We collected data by letting a simple robot explore a moving environment in several different ways. They differed in that the sensorimotor data fed to the network during training were consistent or inconsistent with an actual spatial exploration of the environment. You can think of the inconsistent condition as feeding the network with exploration data in a random order. On the contrary, in the consistent condition, the network was fed with the spatiotemporally consistent sequences of sensorimotor states collected during the exploration. In this second case, the robot should experience compensation episodes from multiple points of view, and we hypothesized it would results in spatial structure (topology and metric) being captured in the intermediary motor representation.

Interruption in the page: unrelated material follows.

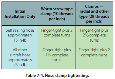 Clearance—The hose assembly must clear all other lines, equipment, and adjacent structure under every operating condition. Flexible hose should be installed so that it will be subject to a minimum of flexing during operation. Although hose must be supported at least every 24 inches, closer supports are desirable. Flexible hose must never be stretched tightly between two fittings. If clamps do not seal at specified tightening, examine hose connections and replace parts as necessary. The above is for initial installation and should not be used for loose clamps. For retightening loose hose clamps in service, proceed as follows: Non-self-sealing hose—if the clamp screw cannot be tightened with the fingers, do not disturb unless leakage is evident. If leakage is present, tighten one-fourth turn. Self-sealing hose—if looser than finger-tight, tighten to finger-tight and add one-fourth turn. [Table 7-4]

This is indeed what happened. Although the network organized the motor representation in an arbitrary way when the data is not consistent with a spatial exploration, the motor representation built from spatially consistent data captures both the topology and metric regularity of the external space. In other words, without any a priori knowledge about its sensorimotor apparatus, and without any specifically-tailored priors about the motor representation, the drive for good sensorimotor prediction was sufficient for the robot to build a reliable internal proxy of its external spatial configuration.

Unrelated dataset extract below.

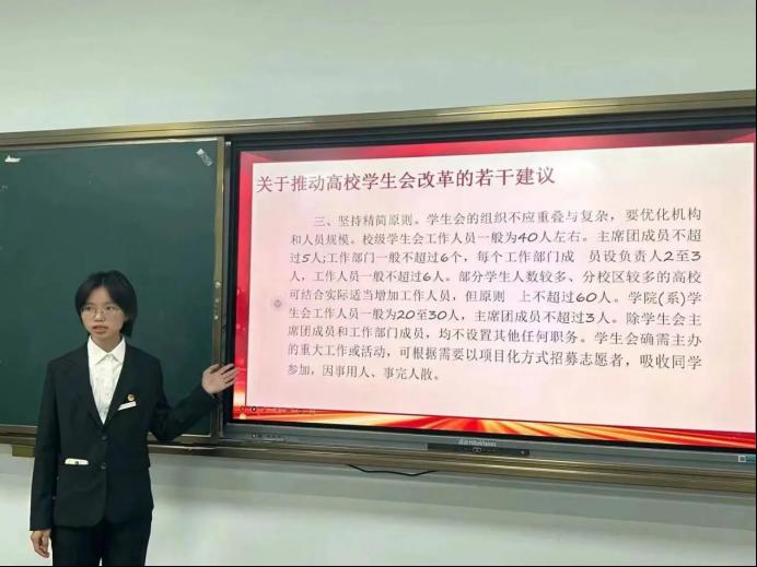 学生会宣讲团对学生会的组成以及基本情况的介绍,带领学生们深入了解其章程,怀鸿鹄之志,展骐骥之光。

These results shed an interesting light on the technical problem of spatial representation building. It seems that priors might not be necessary to capture the different properties of space. Space itself induces specific sensorimotor regularities that can be captured as a by-product of trying to predict future sensorimotor experiences.
These results are very preliminary, as they have only been produced for simple robot-environment systems. Yet they offer a new way to look at the problem of spatial knowledge acquisition. The approach might even extend beyond the single of space. Could other concepts (like objectness, shapeness, color, texture…) also induce specific sensorimotor invariants that could be characterized? Could they be autonomously extracted by a robot which tries to best predict its own sensorimotor experience? A positive answer to those questions would be a giant leap forward towards autonomous robots that would rely only on minimalistic priors to understand their world.
These findings are described in the article entitled Discovering space — Grounding spatial topology and metric regularity in a naive agent’s sensorimotor experience, recently published in the journal Neural Networks. This work was conducted by Alban Laflaquière from SoftBank Robotics EU, J. Kevin O’Regan and Alexander Terekhov from the Univ. Paris 05 Descartes and LPP, and Bruno Gas from the Univ. Paris 06 UPMC and ISIR.